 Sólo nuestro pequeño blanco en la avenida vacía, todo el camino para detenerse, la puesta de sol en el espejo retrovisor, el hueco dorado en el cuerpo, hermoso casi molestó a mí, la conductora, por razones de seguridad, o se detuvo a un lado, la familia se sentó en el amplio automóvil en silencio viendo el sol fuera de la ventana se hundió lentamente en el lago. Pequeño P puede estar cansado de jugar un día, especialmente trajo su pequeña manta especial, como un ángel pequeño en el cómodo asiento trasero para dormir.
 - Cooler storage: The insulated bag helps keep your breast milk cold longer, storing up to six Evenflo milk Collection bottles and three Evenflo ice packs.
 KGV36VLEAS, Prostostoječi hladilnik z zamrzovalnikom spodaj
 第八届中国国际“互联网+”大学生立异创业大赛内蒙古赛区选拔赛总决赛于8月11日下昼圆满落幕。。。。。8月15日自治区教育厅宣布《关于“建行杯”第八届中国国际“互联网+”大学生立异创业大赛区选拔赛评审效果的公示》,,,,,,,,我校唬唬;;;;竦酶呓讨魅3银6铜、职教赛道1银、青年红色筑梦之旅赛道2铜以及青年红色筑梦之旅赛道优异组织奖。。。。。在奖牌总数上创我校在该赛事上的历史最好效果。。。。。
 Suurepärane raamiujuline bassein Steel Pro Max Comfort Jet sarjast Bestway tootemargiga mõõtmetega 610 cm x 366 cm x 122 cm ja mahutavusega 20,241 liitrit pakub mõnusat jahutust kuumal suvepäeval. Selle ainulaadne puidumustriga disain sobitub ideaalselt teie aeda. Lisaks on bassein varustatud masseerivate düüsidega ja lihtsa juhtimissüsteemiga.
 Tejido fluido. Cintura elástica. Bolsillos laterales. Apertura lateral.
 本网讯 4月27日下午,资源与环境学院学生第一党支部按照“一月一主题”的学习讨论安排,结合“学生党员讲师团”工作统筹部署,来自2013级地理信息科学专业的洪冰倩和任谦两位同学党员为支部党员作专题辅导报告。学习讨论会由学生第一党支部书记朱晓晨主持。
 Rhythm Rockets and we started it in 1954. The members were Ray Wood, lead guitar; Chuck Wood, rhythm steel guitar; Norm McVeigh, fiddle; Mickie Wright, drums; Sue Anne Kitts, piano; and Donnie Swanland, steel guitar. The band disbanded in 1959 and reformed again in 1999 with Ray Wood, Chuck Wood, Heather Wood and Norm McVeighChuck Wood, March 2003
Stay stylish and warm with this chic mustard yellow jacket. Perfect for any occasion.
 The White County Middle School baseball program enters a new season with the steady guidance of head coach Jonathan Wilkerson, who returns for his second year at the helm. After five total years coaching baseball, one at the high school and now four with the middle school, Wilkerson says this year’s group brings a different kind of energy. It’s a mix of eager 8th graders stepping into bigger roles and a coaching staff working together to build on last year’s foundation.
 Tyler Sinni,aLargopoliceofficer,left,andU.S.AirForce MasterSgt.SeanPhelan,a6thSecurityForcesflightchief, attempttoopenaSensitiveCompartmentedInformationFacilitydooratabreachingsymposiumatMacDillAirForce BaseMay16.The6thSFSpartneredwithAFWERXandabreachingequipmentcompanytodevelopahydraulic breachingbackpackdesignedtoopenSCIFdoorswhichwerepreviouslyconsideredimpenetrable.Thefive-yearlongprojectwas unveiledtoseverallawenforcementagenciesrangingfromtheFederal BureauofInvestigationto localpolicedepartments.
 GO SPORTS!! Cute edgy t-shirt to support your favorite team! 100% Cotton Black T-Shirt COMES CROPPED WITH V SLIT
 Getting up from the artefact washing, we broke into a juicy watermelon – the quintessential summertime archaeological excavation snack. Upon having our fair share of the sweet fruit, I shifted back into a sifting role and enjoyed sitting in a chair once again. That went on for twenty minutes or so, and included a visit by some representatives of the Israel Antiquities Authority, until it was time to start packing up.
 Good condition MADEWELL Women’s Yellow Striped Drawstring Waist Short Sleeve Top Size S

-----

# [Brief]
Each record must be reproduced exactly, with nothing missing.

# [Response for this exercise]
 Sólo nuestro pequeño blanco en la avenida vacía, todo el camino para detenerse, la puesta de sol en el espejo retrovisor, el hueco dorado en el cuerpo, hermoso casi molestó a mí, la conductora, por razones de seguridad, o se detuvo a un lado, la familia se sentó en el amplio automóvil en silencio viendo el sol fuera de la ventana se hundió lentamente en el lago. Pequeño P puede estar cansado de jugar un día, especialmente trajo su pequeña manta especial, como un ángel pequeño en el cómodo asiento trasero para dormir.
 - Cooler storage: The insulated bag helps keep your breast milk cold longer, storing up to six Evenflo milk Collection bottles and three Evenflo ice packs.
 KGV36VLEAS, Prostostoječi hladilnik z zamrzovalnikom spodaj
 第八届中国国际“互联网+”大学生立异创业大赛内蒙古赛区选拔赛总决赛于8月11日下昼圆满落幕。。。。。8月15日自治区教育厅宣布《关于“建行杯”第八届中国国际“互联网+”大学生立异创业大赛区选拔赛评审效果的公示》,,,,,,,,我校唬唬;;;;竦酶呓讨魅3银6铜、职教赛道1银、青年红色筑梦之旅赛道2铜以及青年红色筑梦之旅赛道优异组织奖。。。。。在奖牌总数上创我校在该赛事上的历史最好效果。。。。。
 Suurepärane raamiujuline bassein Steel Pro Max Comfort Jet sarjast Bestway tootemargiga mõõtmetega 610 cm x 366 cm x 122 cm ja mahutavusega 20,241 liitrit pakub mõnusat jahutust kuumal suvepäeval. Selle ainulaadne puidumustriga disain sobitub ideaalselt teie aeda. Lisaks on bassein varustatud masseerivate düüsidega ja lihtsa juhtimissüsteemiga.
 Tejido fluido. Cintura elástica. Bolsillos laterales. Apertura lateral.
 本网讯 4月27日下午,资源与环境学院学生第一党支部按照“一月一主题”的学习讨论安排,结合“学生党员讲师团”工作统筹部署,来自2013级地理信息科学专业的洪冰倩和任谦两位同学党员为支部党员作专题辅导报告。学习讨论会由学生第一党支部书记朱晓晨主持。
 Rhythm Rockets and we started it in 1954. The members were Ray Wood, lead guitar; Chuck Wood, rhythm steel guitar; Norm McVeigh, fiddle; Mickie Wright, drums; Sue Anne Kitts, piano; and Donnie Swanland, steel guitar. The band disbanded in 1959 and reformed again in 1999 with Ray Wood, Chuck Wood, Heather Wood and Norm McVeighChuck Wood, March 2003
Stay stylish and warm with this chic mustard yellow jacket. Perfect for any occasion.
 The White County Middle School baseball program enters a new season with the steady guidance of head coach Jonathan Wilkerson, who returns for his second year at the helm. After five total years coaching baseball, one at the high school and now four with the middle school, Wilkerson says this year’s group brings a different kind of energy. It’s a mix of eager 8th graders stepping into bigger roles and a coaching staff working together to build on last year’s foundation.
 Tyler Sinni,aLargopoliceofficer,left,andU.S.AirForce MasterSgt.SeanPhelan,a6thSecurityForcesflightchief, attempttoopenaSensitiveCompartmentedInformationFacilitydooratabreachingsymposiumatMacDillAirForce BaseMay16.The6thSFSpartneredwithAFWERXandabreachingequipmentcompanytodevelopahydraulic breachingbackpackdesignedtoopenSCIFdoorswhichwerepreviouslyconsideredimpenetrable.Thefive-yearlongprojectwas unveiledtoseverallawenforcementagenciesrangingfromtheFederal BureauofInvestigationto localpolicedepartments.
 GO SPORTS!! Cute edgy t-shirt to support your favorite team! 100% Cotton Black T-Shirt COMES CROPPED WITH V SLIT
 Getting up from the artefact washing, we broke into a juicy watermelon – the quintessential summertime archaeological excavation snack. Upon having our fair share of the sweet fruit, I shifted back into a sifting role and enjoyed sitting in a chair once again. That went on for twenty minutes or so, and included a visit by some representatives of the Israel Antiquities Authority, until it was time to start packing up.
 Good condition MADEWELL Women’s Yellow Striped Drawstring Waist Short Sleeve Top Size S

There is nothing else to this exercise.